Sono tre le gallerie milanesi che hanno voluto dedicare, in contemporanea, una personale a Livio Marzot, nella primavera del 2017. Nell’ordine Grossetti Arte, Atonia Jannone Disegni di Architettura e Galleria Milano. Da Grossetti Arte la mostra proseguirà fino a fine mese, mentre le altre si sono appena concluse.
Livio Marzot è un artista singolare che esplora di continuo nuove modalità di rapportarsi alla vita e al mondo circostante, vivendo l’arte in diretta e sperimentando senza mediazioni. Alla stregua di un regista, Marzot con la sua arte sonda micro fenomeni naturali scatenando al contempo emozioni nascoste.
Il suo linguaggio incontra la pittura, la scultura, l’arte ambientale e l’installazione con una modalità espressiva che sfiora una suadente malinconia, capace di sollevare contraddittori, tuttavia senza rompere una sottesa armonia che attraversa il suo lavoro. Nella sua opera ravvisiamo una costellazione di segni e un ritorno a strutture primarie che lo conducono all’astrazione lirica.
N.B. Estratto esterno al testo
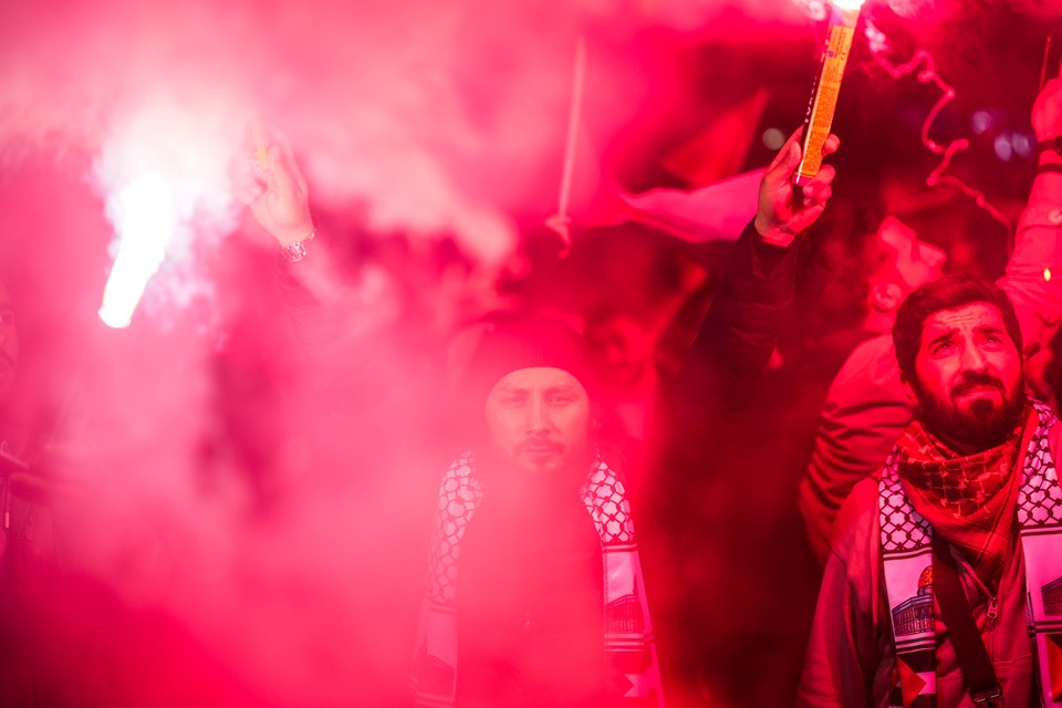 İsrail’in Gazze saldırılarının 2. yılında, İstanbul’daki İsrail Konsolosluğu önünde toplanıldı. İsrail aleyhine slogan atan gruptakiler, “Hamas’a selam, direnişe devam” yazılı döviz taşıdı.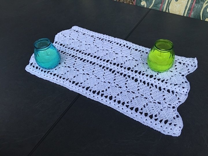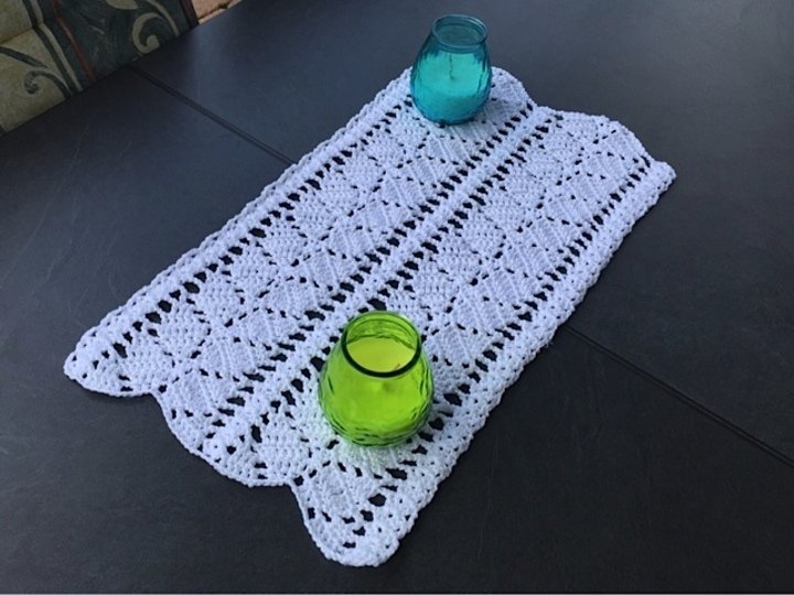 Ich habe hier eine wunderschöne Anleitung zum Häkeln eines Tischläufers mit wunderschönem Blütenmuster.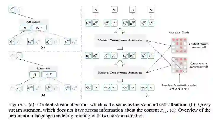具体实现的时候,XLNet是用“双流自注意力模型”实现的,细节可以参考论文,但是基本思想就如上所述,双流自注意力机制只是实现这个思想的具体方式,理论上,你可以想出其它具体实现方式来实现这个基本思想,也能达成让Ti看到下文单词的目标。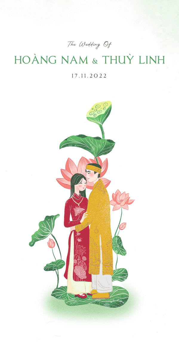 “Tiếng trái tim đôi ta đập thật nhanh. Thì thầm lời yêu thương. Ngày tình về chung đôi...” Sau bao nhiêu chờ đợi, cuối cùng ngày vui của chúng ta cũng tới rồi. Cảm ơn vì mình đã luôn là một phần trong cuộc sống của nhau. Em và anh không chỉ là người yêu mà chúng ta còn là tri kỷ. Ngày hôm nay, em sẽ là cô dâu của anh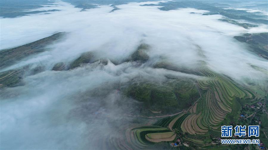 云霧繚繞的寧夏彭陽縣金雞坪梯田公園(7月17日無人機(jī)拍攝)。 新華社記者 王鵬 攝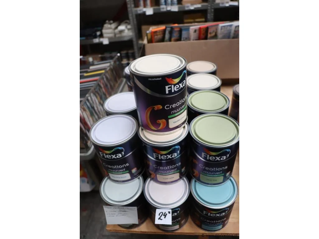 Partij muurverf: merk Flexa Creations; diverse kleuren; voor binnen; aantal ca. 24 blikken á 1ltr.

Tocca corde sottili e simultaneamente crea incontri inaspettati. Alla fine degli anni Cinquanta e agli inizi dei Sessanta l’astrazione è più forte, poi per la Biennale presenta dei moduli di ferro nero che porta a Venezia nel 1968, recuperando l’immagine figurativa negli anni Ottanta e Novanta, per giungere in seguito alla composizione di opere su tela e su carta. Le linee si fanno, in queste prove più recenti, nuovamente sinuose e il colore, che va oltre la figura versando in direzione di forme più evanescenti e simboliche, raggiunge una spazialità fatta di energia che fa vibrare il cuore. Livio Marzot scuote un sentimento saettante e dinamico tipicamente suo.
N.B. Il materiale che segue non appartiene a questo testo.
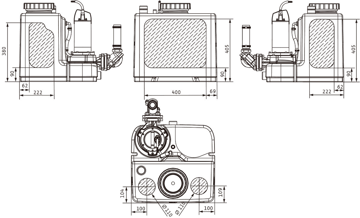 anschlussfertige, vollüberflutbare Einzelpumpen-Hebeanlage mit Schneidwerkhydraulik zur Förderung von fäkalienhaltigem Abwasser, Förderung von fäkalienhaltigem Abwasser, großes Schaltvolumen, Pumpe mit radialem Schneidwerk mit Doppelschereneffekt, thermischen Motorschutz und netzunabhängigem Alarm, Hydraulik/Schneidwerk-Kombination für eine breite Abdeckung von Förderhöhen bei niedrigsten Leistungsanforderungen für haustechnische Elektroinstallationen, frei wählbare Anschlüsse für maximale Montageflexibilität, bestehend aus vollüberflutbare Hebeanlage mit Schneidwerk, Schaltgerät und Anschlusskabel mit Stecker, Rohranschluss DN 32 (Außendurchmesser 40 mm), HT-Doppelmuffe DN 40 (50 mm) für Entlüftungsanschluss, HT-Doppelmuffe DN 40 (50 mm) für Entleerungsanschluss, Zulaufset mit Lochsäge 124 mm (5 Zoll) und Dichtung DN 100 (110 mm), Bodenbefestigungsset, Schallschutzmatte, Akku 9 V, Einbau- und Betriebsanleitung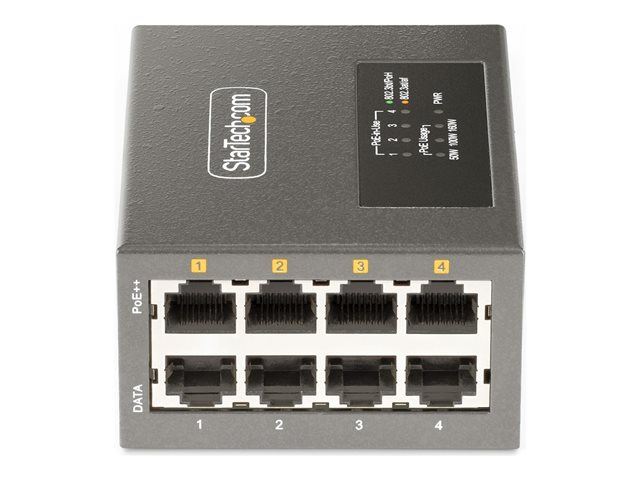StarTech.com 4-Port Multi-Gigabit PoE++ Injector, 5/2.5G Ethernet (NBASE-T), PoE/PoE+/PoE++ (802.3af/802.3at/802.3bt), 160Watts Power Budget, Wall/DIN Rail Mountable
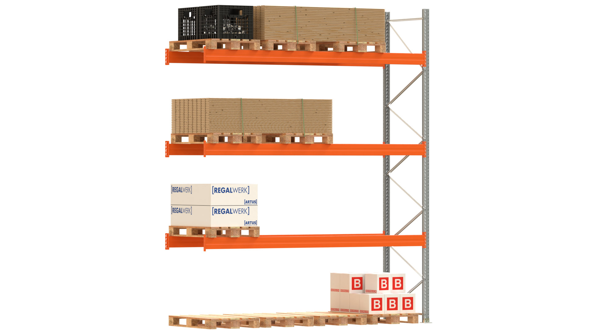 Produktinformationen "Palettenregal ARTUS - Anbaufeld - Breite 368,5 cm - Höhe 450 cm - Tiefe 110 cm - 3 Träger Ebenen"

Alla sua opera è stato dedicato un libro realizzato dalla Fondazione Mudima a cura di Gianluca Ranzi. S’intitola Livio Marzot – Opere dal 1959 al 2015, 2016
Livio Marzot (Induno Olona, 1934) espone per la prima volta al Salone Annunciata nel 1959. Nel 1968 allestisce alla Biennale di Venezia una sala personale di grandi sculture minimaliste, ma la chiude e rifiuta l’invito a partecipare alla successiva non per ragioni di natura ideologica, ma per un senso di soffocamento claustrofobico causato dalle cariche della polizia nelle anguste calli veneziane e dalle pressioni ricattatorie degli artisti esclusi, fortemente politicizzati. Si trasferisce quindi negli Stati Uniti dove presenta il suo lavoro concettuale sui processi creativi al California Art Institute e, invitato da John Baldessari, alla Stanford University e al Massachussets Institute of Technology. Rientra in Italia alla fine degli anni settanta e collabora con Bruno Munari per giochi didattici, pubblicando anche alcuni libri con Emme Edizioni ed Einaudi. Ritornato in Italia è del 1981 la sua mostra “Un ricercare e cento variazioni” alla galleria Studio Grossetti di Milano, a cui seguono le mostre presso la galleria di Philippe Daverio, in cui la pittura di Marzot approda verso la resa evocativa di paesaggi mediterranei assolati e mitici, animati da una presenza invisibile e panica. Dal 1991 torna ad esporre opere pittoriche prevalentemente di paesaggi e di animali, con le mostre alla galleria Antonia Jannone e da Jean Blanchaert. Nel 2009 la Fondazione Mudima gli ha dedicato una mostra antologica con opere dal 1961 fino a quelle più recenti. Del suo lavoro hanno scritto, tra gli altri, Emilio Tadini, Guido Ballo, Raffaele De Grada, Dino Buzzati, Gillo Dorfles, Lea Vergine, Tommaso Trini, Giovanni Raboni e Ettore Sottsass.